• Provided data:
^^^^^^^^^^^^^^^^
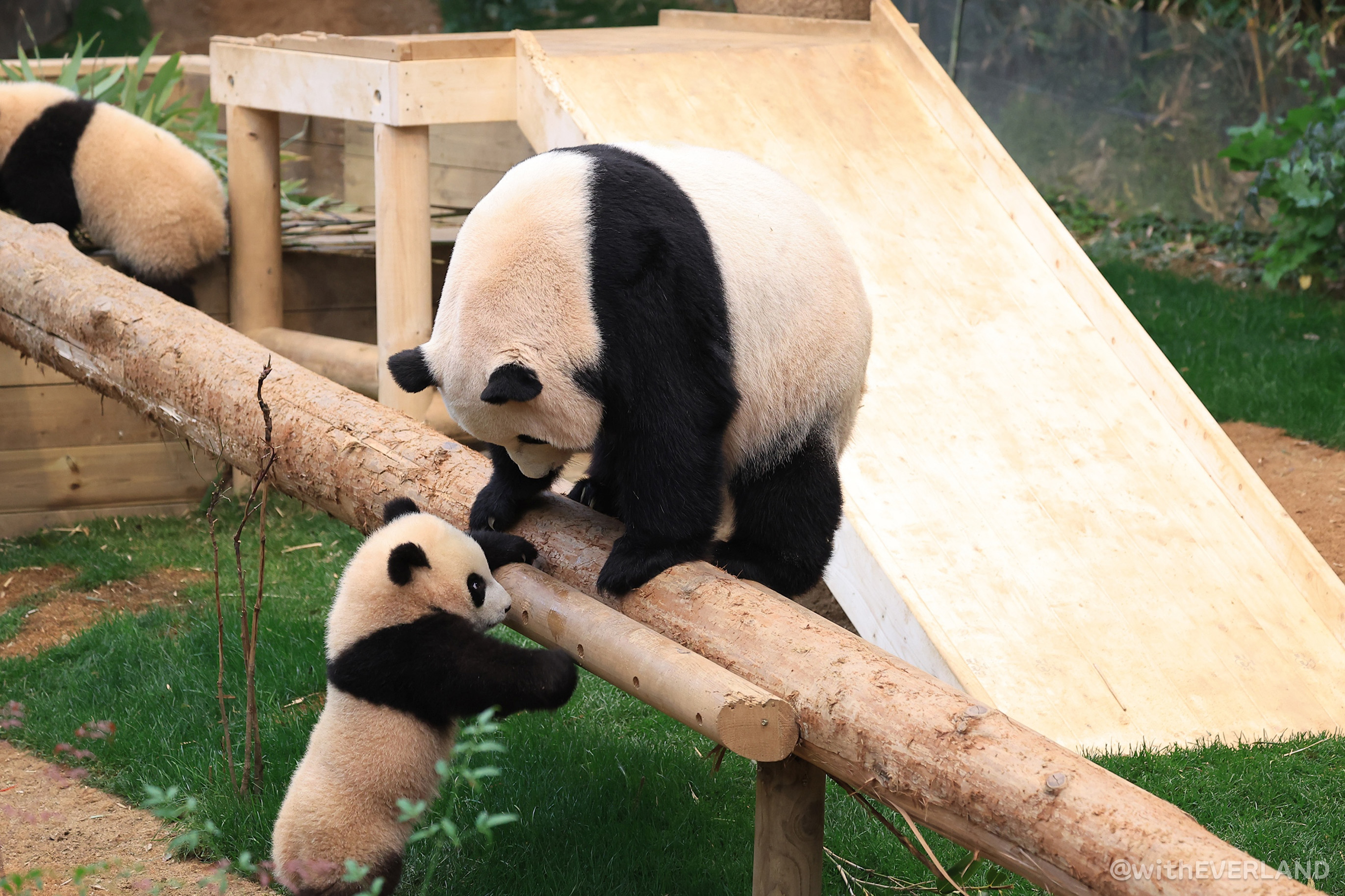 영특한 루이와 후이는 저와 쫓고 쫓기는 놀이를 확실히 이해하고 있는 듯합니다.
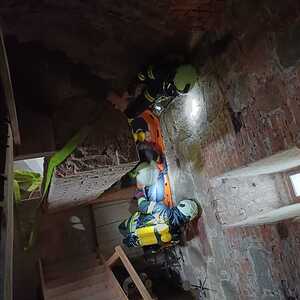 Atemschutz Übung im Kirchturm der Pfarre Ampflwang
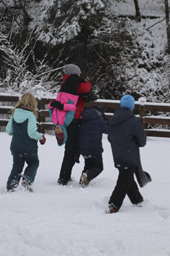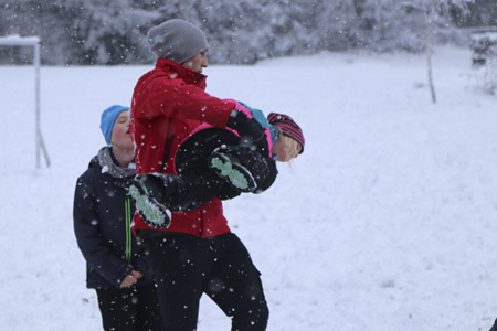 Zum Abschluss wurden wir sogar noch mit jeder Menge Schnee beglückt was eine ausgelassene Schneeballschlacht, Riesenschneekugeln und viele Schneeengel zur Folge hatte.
^^^^^^^^^^^^^^^^
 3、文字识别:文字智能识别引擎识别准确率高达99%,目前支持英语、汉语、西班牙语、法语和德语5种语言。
^^^^^^^^^^^^^^^^
Beginning with the line above that contains "영특한 루이와 후이는 저와 쫓고 쫓기는 놀이를 확실히 이해하고 있는 듯합니다." and finishing with the line that contains "Zum Abschluss wurden", print those lines exactly and only. Skip all pictures.

 영특한 루이와 후이는 저와 쫓고 쫓기는 놀이를 확실히 이해하고 있는 듯합니다.
 Atemschutz Übung im Kirchturm der Pfarre Ampflwang
 Zum Abschluss wurden wir sogar noch mit jeder Menge Schnee beglückt was eine ausgelassene Schneeballschlacht, Riesenschneekugeln und viele Schneeengel zur Folge hatte.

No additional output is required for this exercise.